A mediados del siglo XVI, el emperador Carlos I autorizó la creación en Sevilla de un nuevo Consulado, semejante a los que ya funcionaban con tanto éxito para el comercio en Valencia, Barcelona o Burgos, para fomentar los intercambios transatlánticos con América. Posteriormente, con el desarrollo de la Carrera de Indias –los buques comerciantes navegaban en convoy, protegidos por barcos de guerra para evitar la piratería– se crearon otros nuevos en México, Lima, Buenos Aires...
Los Consulados eran unos tribunales especializados que juzgaban y resolvían en primera instancia cualquier pleito que surgía entre los comerciantes y, al mismo tiempo, actuaban como una auténtica corporación que regulaba las actividades de todos los miembros de este gremio, defendiendo sus derechos frente al intrusismo de los mercaderes extranjeros o los intereses de la Corona.
Además de las actividades netamente mercantiles –compraventa de mercancías, contratación de seguros, liquidación de quiebras, etc.– estos órganos judiciales desarrollaban también una importante labor tributaria al conceder préstamos y encargarse de la recaudación y gestión de algunos impuestos que gravaban la renta de aduanas como el denominado Impuesto de Averías.
En el siglo XVI, este tributo se pagaba al Consulado para contribuir tanto a su mantenimiento como a costear los gastos de aquellos convoyes que protegían el comercio indiano.
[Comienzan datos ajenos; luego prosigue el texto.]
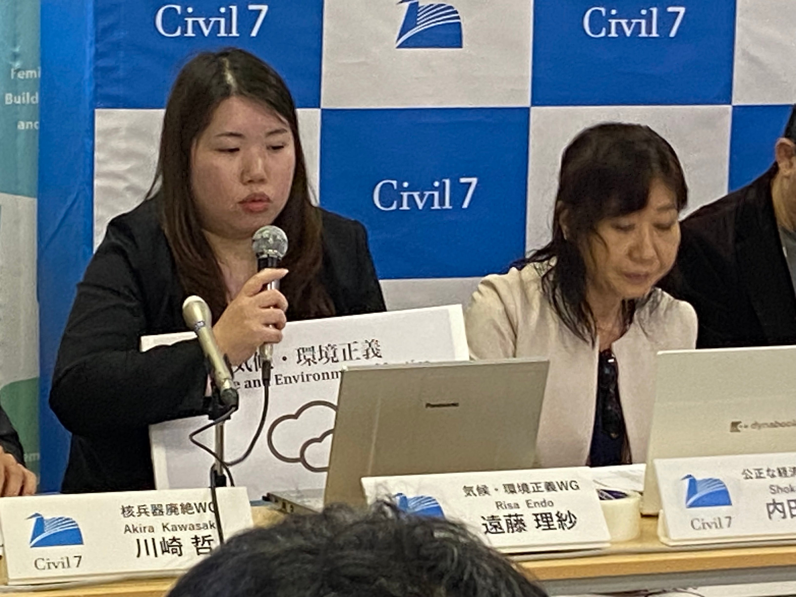C7気候・環境正義ワーキンググループ(特定非営利活動法人 「環境・持続社会」研究センター 遠藤 理紗)
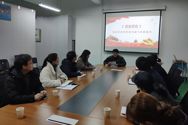 会上,房强老师带领全体老师认真学习了《教育部关于印发孙春兰副总理在全国深化职业教育改革电视电话会议上的讲话的通知》、《深化“三教”改革 提升技术技能人才培养质量》、《<人民日报>:深刻认识“课程思政”的时代价值》和《课程思政的价值内涵与实践路径探析》等文章。
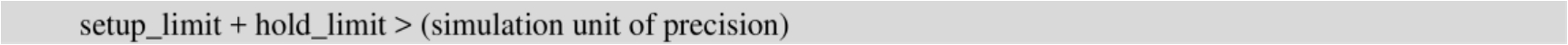 对负的时序检查值,可以会出现相互之间的不一致,并且对于延迟信号的延迟值没有解决的方法。在这些情况下,仿真器将产生警告信息。可以将最小的负限制值改为0,并且重新计算延迟信号的延迟,并且通过反复计算直到找到一个解决方案为止。这样,可以解决不一致的问题。因为在最坏情况下,所有负的限制值都变为0,不需要延迟信号。所以,这个过程总是可以找到一个解决方案。
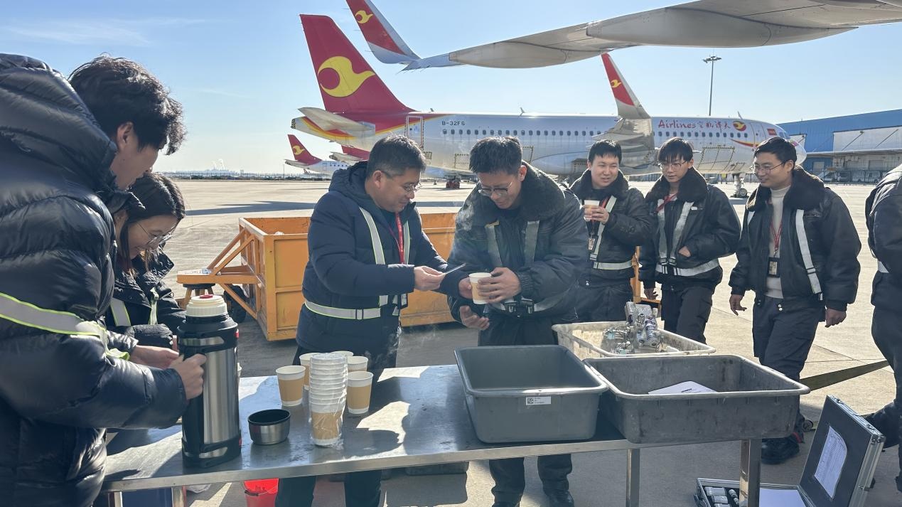 为切实做好春运期间员工关爱工作,海航技术坚持“以员工为中心”,统筹做好暖心服务与精神支持。在冬季保障方面,各单位根据属地气候特点灵活增加"送温暖"频次,动态补充各站点“暖心角”物资,在作业现场为一线人员提供姜茶、暖宝宝等物品。
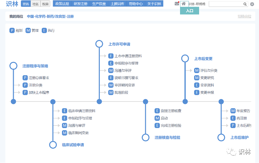 在试运行阶段,识林推出“国内化药仿制药注册”,“国内化药新药注册”,“原料QA”,“无菌QA”4个典型岗位知识地图模板,接下来将基于企业需要,不断开发新岗位,涵盖药品全生命周期的各项工作。
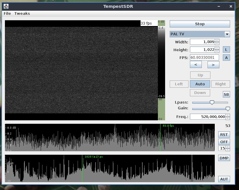Многие наверняка захотят попробовать RTL-SDR (в подавляющем большинстве случаев эту голубую затычку покупают как первый SDR, даже я сам был не исключением). На просторах даже есть руководство, как запустить TempestSDR вместе с этим китайским девайсом, кто-то даже рассказывал об успешном приёме, но я проверил — оно не работает. Всё дело в том, что дешёвый чип RTL2832U обладает кучей собственных шумов, отчего неспособен принять столь слабый сигнал, как побочное излучение от монитора, которое само по себе находится на уровне шума. Увы, для таких опытов необходим SDR получше (например, HackRF, SDRPlay).
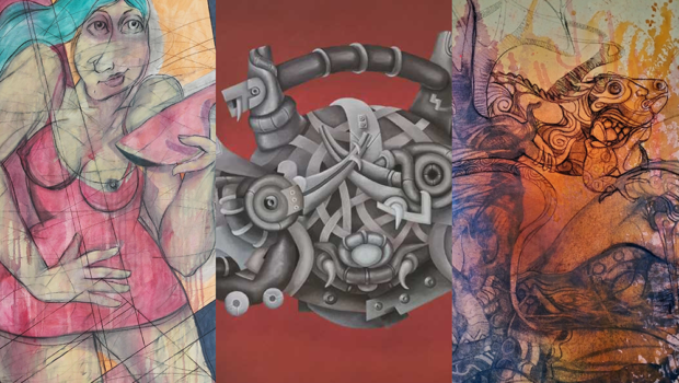 Castillo, Zavaleta y Parimango, exhiben su singular visión del arte en “Triangulación Equidistante”, una muestra cargada de una atmósfera de inquietud, que se plasma en la transfiguración de formas y cuerpos con un toque de colores arremolinados.
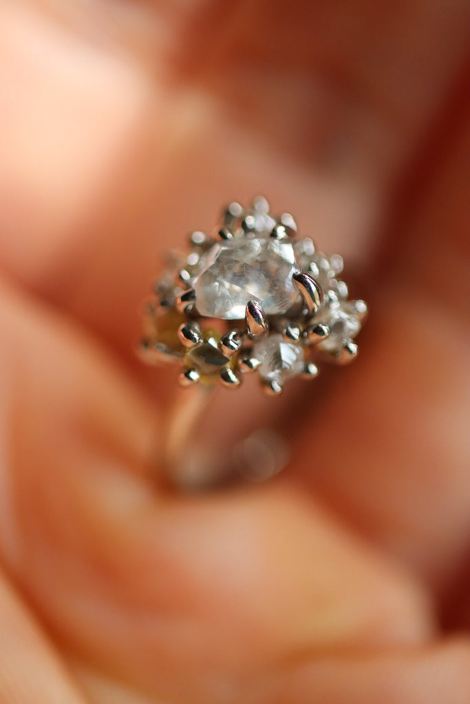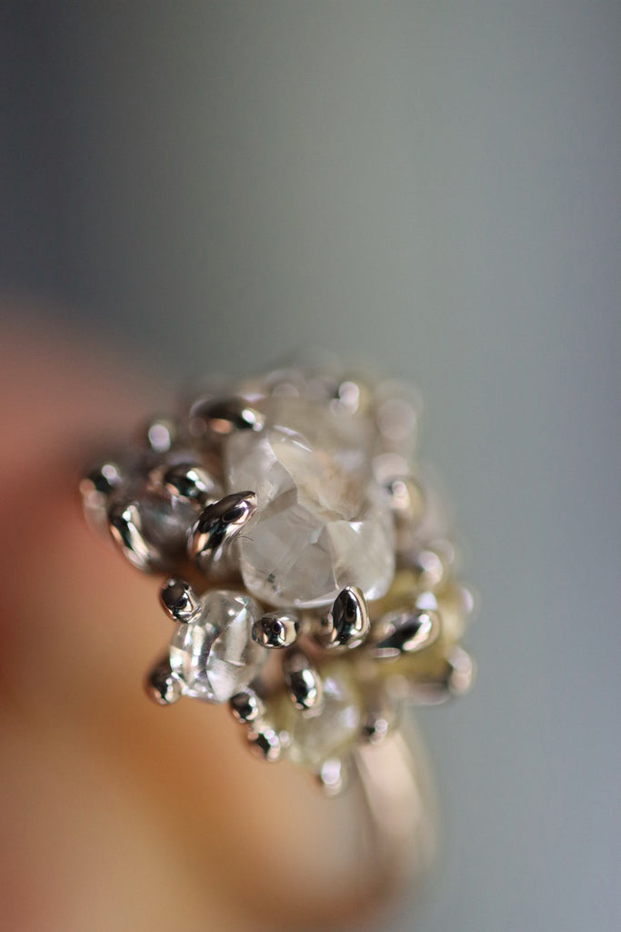Una profusione di diamanti naturali non tagliati, che cercano di stringersi forte forte per tornare a essere uno, e un paio di diamanti naturali tagliati, nascosti alla vista, d'oro giallo vivo adornati, e a contatto con la pelle.
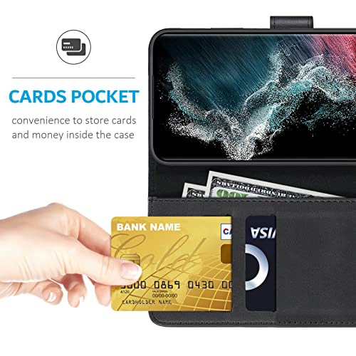 Focusor Cover a Libro Samsung Galaxy S22 Ultra,Custodia in Pelle Samsung S22 Ultra Magnetica,[Portafoglio] Custodia Pelle Sintetica TPU Antiurto,Funzione Supporto Slot Schede per S22 Ultra 5G,Nero
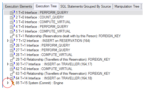 The Manipulation Tree tab page presents the timing characteristics of the total manipulation. These are the characteristics of all manipulations started due to SQL statements within this manipulation.The format is :
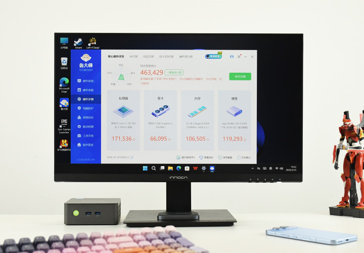 而性能方面,由于我出手的是准系统版,是以自行安设上了两条16GB内存以及一条1TB硬盘,在鲁民众的性能测试下,OD体育(中国)能看到极摩客G3 Pro取得了46万分傍边的得益,其中CPU跟显卡分数占据总得益一半。
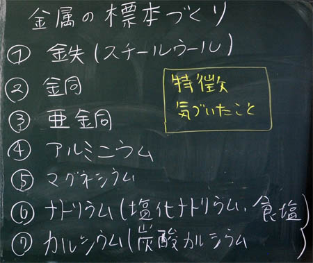 「次に、金属標本をつくりましょう。先生が7種類用意しましたので、それらをプリントに添付し、気づいたことをまとめましょう。本当は、加熱したり電流を流したりすると面白いのですが、時間が足りないので、今日はこのままの状態で見たり触ったりして気づいたことをまとめなさい。」
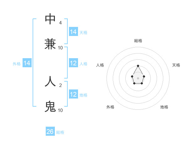中兼 人鬼さんの総格は26画の2点!
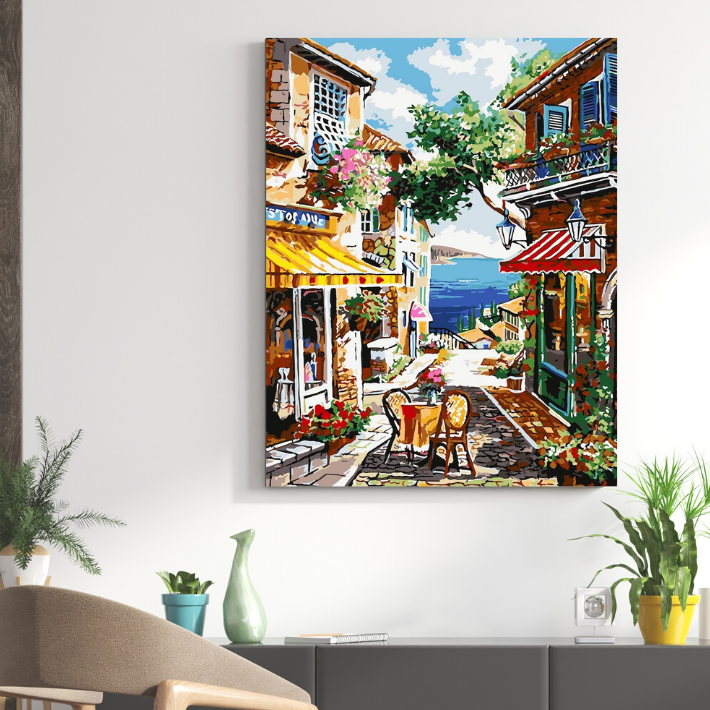 『海辺の街並み ヨーロッパ』アクリル絵の具で作る。数字で塗り絵 油絵風 (50x40cm、選べる内枠フレーム付)
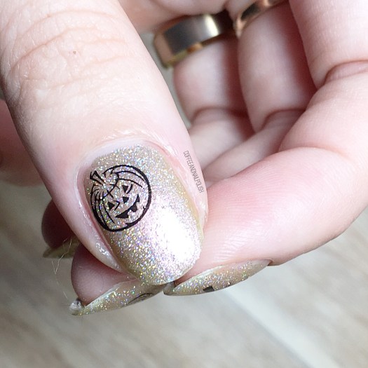 I just love how this design turned out. Honestly I never thought I would enjoy stamping so much, but it’s kind of become an obsession! I ordered a bunch of new plates from Born Pretty Store, so those should be here sometime in the New Year. In the meantime, I’ve been rediscovering old stamping plates I bought in the beginning of my nail art journey. I think the combination of a good liquid latex & polishes that work well for stamping has made it more fun & much less of a frustration. Also how pretty is ACO by Ardene Style Icon? I sponged it on for full glitterocity & the sparkle is hard not to stare at. Again thank god for Edge Perfection because trying to clean that glitter off my cuticles would have made me cry.
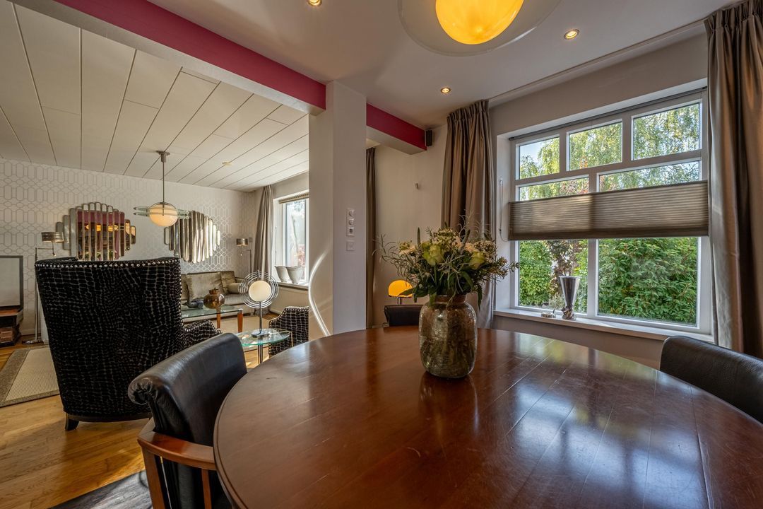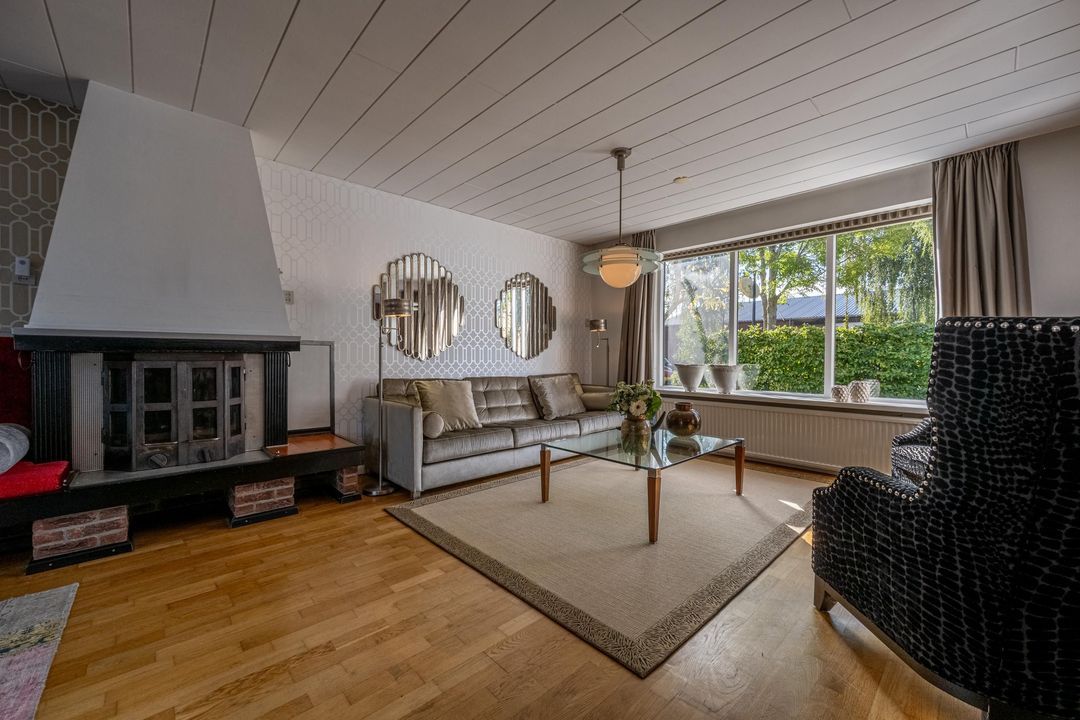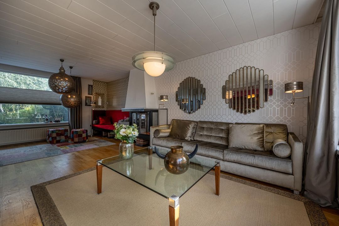 Binnen tref je een warme en sfeervolle woonkamer met houtkachel en een fijn uitzicht op de groene achtertuin. De moderne keuken bevindt zich in de aangebouwde uitbouw aan de achterzijde van de woning. Op de eerste verdieping zijn vier slaapkamers en een nette badkamer met inloopdouche aanwezig.
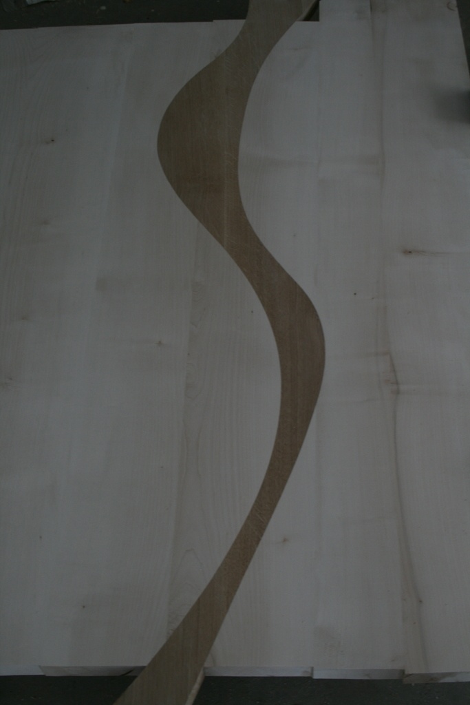 Cette technique fonctionne très bien mais pour le coup, la courbe de base n'étant pas faite chez moi,j'ai préférer la réalisé sur un cp de 10 car je maitrisais mieux la perpendicularité du chant que sur mon plan en érable de 38mm.

En función del valor de la mercancía que fuesen a transportar las naos, se calculaba un 1 ó un 2% de aquella base para establecer la cuantía que debía abonarse; de ahí que se definiera como un impuesto ad valorem, sobre el valor.
Con el paso de los años, desapareció este impuesto pero no el concepto de avería –un término de origen árabe– que, en el Art. 271 de las Ordenanzas Generales de la Renta de Aduanas de 15 de octubre de 1894, se definió como El demérito que sufre una mercancía por accidente ocurrido durante la conducción, desde el momento de su embarque hasta inmediatamente antes de descargarse del buque. Por analogía, se da el mismo nombre al deterioro que sufre una mercancía durante su conducción por tierra para presentarse en la Aduana. Actualmente, el Art. 806 del Código de Comercio –hablando de los riesgos, daños y accidentes del comercio marítimo– establece que las averías son 1º. Todo gasto extraordinario o eventual que, para conservar el buque, el cargamento o ambas cosas, ocurriese durante la navegación. 2º. Todo daño o desperfecto que sufriere el buque desde que se hiciere a la mar en el puerto de salida hasta dar fondo y anclar en su destino, y los que sufran las mercaderías desde que se cargaren en el puerto de expedición hasta descargarlas en el de su consignación.
Aquel impuesto de averías fue uno de los tributos que se crearon cuando se fue incrementando el tráfico comercial con América y la Hacienda del Estado empezó a necesitar más ingresos para mantener un Imperio donde no se ponía el sol; pero no fue el único tributo de la época. Junto a la avería, también se abonaban el almojarifazgo –similar a un derecho de aduanas– y la alcabala –salvando las distancias, una suerte de IVA–.